他の地域にはない文言に久しぶりに面食らいながら、高い柵と鉄格子で囲まれた要塞のような警察署を通り過ぎる。

ホテル一泊「850円」ラーメン「200円」

衣食住、ここの物価は日本とは思えないほど軒並みに安い。

お世話になっていた支援団体は変わらずに、明るく朗らかにそこに建っていた。そこに集う人たちは一様にまっすぐに淡々と支援をつづける。

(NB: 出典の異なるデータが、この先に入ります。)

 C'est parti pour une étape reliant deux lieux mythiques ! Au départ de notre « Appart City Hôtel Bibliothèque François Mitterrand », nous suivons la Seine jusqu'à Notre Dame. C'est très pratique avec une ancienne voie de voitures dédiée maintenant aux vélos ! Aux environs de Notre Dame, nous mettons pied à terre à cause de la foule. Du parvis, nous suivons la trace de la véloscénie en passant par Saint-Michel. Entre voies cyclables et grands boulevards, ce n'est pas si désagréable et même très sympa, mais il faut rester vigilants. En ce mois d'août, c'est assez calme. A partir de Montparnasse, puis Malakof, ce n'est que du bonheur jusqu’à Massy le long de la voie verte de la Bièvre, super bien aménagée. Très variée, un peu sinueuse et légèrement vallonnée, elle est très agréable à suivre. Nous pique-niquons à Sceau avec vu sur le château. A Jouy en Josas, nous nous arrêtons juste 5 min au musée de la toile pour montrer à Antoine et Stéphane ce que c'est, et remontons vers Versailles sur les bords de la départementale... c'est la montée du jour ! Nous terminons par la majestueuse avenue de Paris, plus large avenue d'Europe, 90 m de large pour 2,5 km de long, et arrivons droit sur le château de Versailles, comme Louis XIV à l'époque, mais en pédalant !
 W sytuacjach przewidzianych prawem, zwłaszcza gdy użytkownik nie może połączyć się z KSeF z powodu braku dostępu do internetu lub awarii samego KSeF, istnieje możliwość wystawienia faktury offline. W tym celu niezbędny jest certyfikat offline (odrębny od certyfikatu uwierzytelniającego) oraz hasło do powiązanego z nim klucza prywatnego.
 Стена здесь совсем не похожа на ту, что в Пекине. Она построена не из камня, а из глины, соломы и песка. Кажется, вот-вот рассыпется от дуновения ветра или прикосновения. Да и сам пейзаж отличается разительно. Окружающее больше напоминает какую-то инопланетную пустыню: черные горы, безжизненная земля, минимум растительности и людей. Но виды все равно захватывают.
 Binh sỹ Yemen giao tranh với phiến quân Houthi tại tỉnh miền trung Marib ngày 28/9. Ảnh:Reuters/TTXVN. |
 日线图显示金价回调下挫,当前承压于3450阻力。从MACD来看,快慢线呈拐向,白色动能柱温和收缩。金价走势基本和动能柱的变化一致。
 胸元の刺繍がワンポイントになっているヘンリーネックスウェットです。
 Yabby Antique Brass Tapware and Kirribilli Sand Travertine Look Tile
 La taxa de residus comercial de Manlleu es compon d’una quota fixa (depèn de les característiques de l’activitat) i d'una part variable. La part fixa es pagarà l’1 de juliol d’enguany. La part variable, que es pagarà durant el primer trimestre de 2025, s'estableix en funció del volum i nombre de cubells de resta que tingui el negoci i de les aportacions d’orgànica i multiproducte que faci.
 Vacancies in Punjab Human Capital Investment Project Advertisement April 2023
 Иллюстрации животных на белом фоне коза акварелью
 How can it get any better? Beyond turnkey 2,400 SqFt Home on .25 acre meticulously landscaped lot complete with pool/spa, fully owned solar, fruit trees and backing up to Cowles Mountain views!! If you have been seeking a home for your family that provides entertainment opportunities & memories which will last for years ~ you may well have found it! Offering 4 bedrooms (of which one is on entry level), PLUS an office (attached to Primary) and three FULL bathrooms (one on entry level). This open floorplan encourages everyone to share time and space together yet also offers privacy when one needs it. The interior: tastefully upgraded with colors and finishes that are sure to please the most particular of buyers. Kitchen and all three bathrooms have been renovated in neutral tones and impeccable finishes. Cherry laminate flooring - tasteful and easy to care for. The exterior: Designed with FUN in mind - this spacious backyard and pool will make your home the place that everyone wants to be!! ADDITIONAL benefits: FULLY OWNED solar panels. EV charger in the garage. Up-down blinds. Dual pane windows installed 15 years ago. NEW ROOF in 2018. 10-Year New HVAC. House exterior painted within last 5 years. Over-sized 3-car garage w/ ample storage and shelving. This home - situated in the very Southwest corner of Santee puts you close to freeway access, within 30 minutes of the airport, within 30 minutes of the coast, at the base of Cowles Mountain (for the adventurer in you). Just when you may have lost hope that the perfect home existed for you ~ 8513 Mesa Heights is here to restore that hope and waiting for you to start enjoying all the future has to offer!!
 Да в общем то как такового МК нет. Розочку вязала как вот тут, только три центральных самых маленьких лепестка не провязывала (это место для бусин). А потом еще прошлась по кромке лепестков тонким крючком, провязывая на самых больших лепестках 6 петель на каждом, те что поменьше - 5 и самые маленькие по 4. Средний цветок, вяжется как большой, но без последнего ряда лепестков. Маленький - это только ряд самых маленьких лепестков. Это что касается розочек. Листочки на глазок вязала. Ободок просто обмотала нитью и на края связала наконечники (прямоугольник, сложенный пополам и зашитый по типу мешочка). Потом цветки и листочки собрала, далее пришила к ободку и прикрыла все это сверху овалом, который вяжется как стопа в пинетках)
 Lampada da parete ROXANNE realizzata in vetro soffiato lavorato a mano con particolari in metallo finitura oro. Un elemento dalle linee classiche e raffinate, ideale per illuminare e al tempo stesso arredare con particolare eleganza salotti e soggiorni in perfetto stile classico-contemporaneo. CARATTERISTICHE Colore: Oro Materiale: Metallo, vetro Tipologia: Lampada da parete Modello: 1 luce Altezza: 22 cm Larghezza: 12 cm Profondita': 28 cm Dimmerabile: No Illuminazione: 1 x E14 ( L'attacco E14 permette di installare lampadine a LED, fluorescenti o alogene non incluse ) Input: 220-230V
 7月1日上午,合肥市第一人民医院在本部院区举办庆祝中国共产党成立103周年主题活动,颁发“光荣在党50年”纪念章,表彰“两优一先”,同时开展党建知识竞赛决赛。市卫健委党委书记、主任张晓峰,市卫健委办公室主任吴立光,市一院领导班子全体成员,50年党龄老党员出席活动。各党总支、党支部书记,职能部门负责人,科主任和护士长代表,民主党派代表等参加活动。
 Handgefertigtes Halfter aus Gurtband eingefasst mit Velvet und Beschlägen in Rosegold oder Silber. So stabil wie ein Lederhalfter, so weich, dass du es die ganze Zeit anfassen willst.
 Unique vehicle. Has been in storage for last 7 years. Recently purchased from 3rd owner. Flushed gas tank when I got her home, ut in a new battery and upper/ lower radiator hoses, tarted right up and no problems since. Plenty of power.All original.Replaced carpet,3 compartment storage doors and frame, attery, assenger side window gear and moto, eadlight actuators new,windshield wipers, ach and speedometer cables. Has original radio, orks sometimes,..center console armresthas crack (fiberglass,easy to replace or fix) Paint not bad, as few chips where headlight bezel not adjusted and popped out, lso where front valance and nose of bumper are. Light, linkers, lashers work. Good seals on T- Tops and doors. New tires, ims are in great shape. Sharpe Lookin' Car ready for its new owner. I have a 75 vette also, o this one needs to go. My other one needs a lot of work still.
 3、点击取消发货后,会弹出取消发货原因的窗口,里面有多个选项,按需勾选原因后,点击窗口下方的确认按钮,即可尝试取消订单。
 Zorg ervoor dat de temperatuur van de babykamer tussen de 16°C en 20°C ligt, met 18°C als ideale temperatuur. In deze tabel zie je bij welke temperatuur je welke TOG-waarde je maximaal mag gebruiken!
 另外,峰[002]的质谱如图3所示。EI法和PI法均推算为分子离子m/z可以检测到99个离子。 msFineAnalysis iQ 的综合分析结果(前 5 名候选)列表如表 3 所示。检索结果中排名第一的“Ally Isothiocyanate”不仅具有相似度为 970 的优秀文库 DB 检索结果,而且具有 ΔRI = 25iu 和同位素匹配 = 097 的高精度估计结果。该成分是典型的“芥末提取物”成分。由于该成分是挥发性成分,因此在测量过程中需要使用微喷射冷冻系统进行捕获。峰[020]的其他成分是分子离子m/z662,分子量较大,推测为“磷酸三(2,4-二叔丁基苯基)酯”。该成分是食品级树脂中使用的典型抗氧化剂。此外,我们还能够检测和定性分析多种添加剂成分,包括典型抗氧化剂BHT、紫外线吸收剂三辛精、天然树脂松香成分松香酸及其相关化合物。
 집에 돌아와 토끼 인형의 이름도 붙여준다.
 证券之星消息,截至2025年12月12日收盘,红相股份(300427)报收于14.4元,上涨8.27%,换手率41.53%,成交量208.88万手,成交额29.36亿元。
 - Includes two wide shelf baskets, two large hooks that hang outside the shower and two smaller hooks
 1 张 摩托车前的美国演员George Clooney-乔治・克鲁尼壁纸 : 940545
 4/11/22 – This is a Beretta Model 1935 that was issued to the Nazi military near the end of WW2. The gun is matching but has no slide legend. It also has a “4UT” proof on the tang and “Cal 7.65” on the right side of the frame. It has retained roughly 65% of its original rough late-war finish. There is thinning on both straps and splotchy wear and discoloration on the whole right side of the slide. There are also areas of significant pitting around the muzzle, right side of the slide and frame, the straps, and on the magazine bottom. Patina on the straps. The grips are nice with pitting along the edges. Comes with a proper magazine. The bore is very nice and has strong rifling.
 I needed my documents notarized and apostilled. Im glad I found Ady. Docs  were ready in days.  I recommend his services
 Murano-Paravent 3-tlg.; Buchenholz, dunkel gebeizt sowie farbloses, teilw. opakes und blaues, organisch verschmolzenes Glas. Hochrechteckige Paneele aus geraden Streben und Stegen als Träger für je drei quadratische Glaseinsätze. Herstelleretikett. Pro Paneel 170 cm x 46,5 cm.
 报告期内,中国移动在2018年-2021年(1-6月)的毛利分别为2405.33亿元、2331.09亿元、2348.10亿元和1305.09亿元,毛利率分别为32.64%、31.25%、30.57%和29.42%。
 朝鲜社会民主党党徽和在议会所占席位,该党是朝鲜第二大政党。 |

 見たくないものを見ないようにすること、人の行動を非難することは簡単にできる。反対に、信念をもって一つの支援を続けていくことはどれほどのことだろう。偽善や同情では不可能な活動がそこにはある。

「おおきに。すんません。ありがとう」

すまなさそうに並ぶ人、疲れ切った顔の人、歯がない顔で屈託なく笑う人。
おじさんたちは、15年前と変わらない。

あなたのことを気にかけているよ。
見ているよ。
生きていてね。
一緒にこの世界にいようね。

 今回久しぶりに炊き出しに参加させてもらい、炊き出しや夜回りにはこんな想いがこもっているのではないかと感じた。


住民票が日本にない
携帯がない
職業がない
銀行口座がない
自宅がない

 

 状況と程度は違えども、私も今年1月に帰国し急きょ日本にとどまることとなり、これだけでも随分落ち着かなかった。
 それなのに、身寄りがない。居場所がない。仕事がない。絶えずヒエラルキーの最下層であると常に突き付けられながら、世間とのつながりもたたれるのはどんな気持ちか。

あなたのことを気にかけているよ。
見ているよ。
生きていてね。
一緒にこの世界にいようね。

 隠したい過去や失敗、人に言えないこと、つらい経験。自分を責めたり、過去を責めたりすることもあるかもしれない。自分からも社会からも、世間からも責められ、どこにいても疎外感を感じる人達にとって、自分たちの存在を肯定してくれるうららかな声は、それだけで生きる希望となる。


人の温かさ、社会の不条理、15年の歳月を経た自身の変化、いろんなものを感じられたのも、思い切ってパンドラの箱をあけたからこそ。良かったしかない。